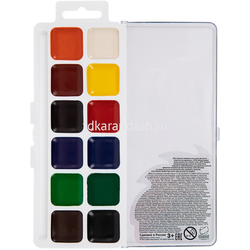 Акварель выпускается в классическом пластиковом пенале компактного размера с прозрачной крышкой. Удобный замок легко открывается и закрывается. Пенал достаточно прочный, выдерживает многократные падения. Крышку можно использовать как палитру для смешивания красок, есть отделение для кисточки, сама кисточка в комплекте не идет.
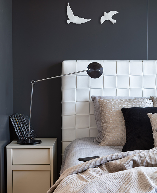Во всех помещениях использованы три основных цвета: белый, черный и бежевый в разных оттенках: с примесью серого, с добавлением рыжего. В каждой спальне ввели по одному дополнительному цвету. Декоративные акценты — предметы из черной керамики.
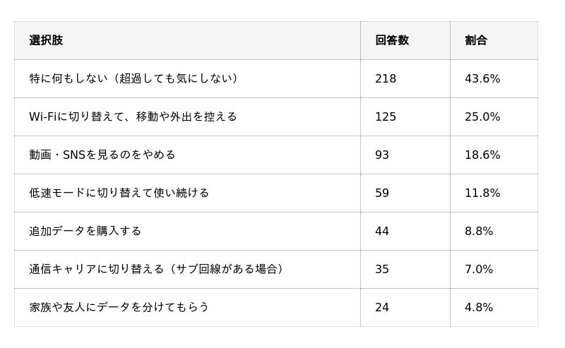 最多は「特に何もしない」(43.6%)で、データ不足を深刻視しないユーザーが多数派です。対処する層は「Wi-Fiに切り替え」(25.0%)や「動画・SNSの利用制限」(18.6%)で通信量を抑えています。
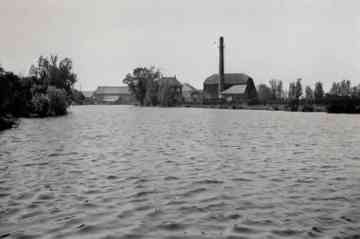 De pannenfabriek aan de overkant van de Rijn, gezien vanaf het Ponthuisje. Helem

[Exercise requirements]: None of the pictures should be reproduced; all other material above must be set down exactly.

[Solution for this exercise]:
 Акварель выпускается в классическом пластиковом пенале компактного размера с прозрачной крышкой. Удобный замок легко открывается и закрывается. Пенал достаточно прочный, выдерживает многократные падения. Крышку можно использовать как палитру для смешивания красок, есть отделение для кисточки, сама кисточка в комплекте не идет.
Во всех помещениях использованы три основных цвета: белый, черный и бежевый в разных оттенках: с примесью серого, с добавлением рыжего. В каждой спальне ввели по одному дополнительному цвету. Декоративные акценты — предметы из черной керамики.
 最多は「特に何もしない」(43.6%)で、データ不足を深刻視しないユーザーが多数派です。対処する層は「Wi-Fiに切り替え」(25.0%)や「動画・SNSの利用制限」(18.6%)で通信量を抑えています。
 De pannenfabriek aan de overkant van de Rijn, gezien vanaf het Ponthuisje. Helem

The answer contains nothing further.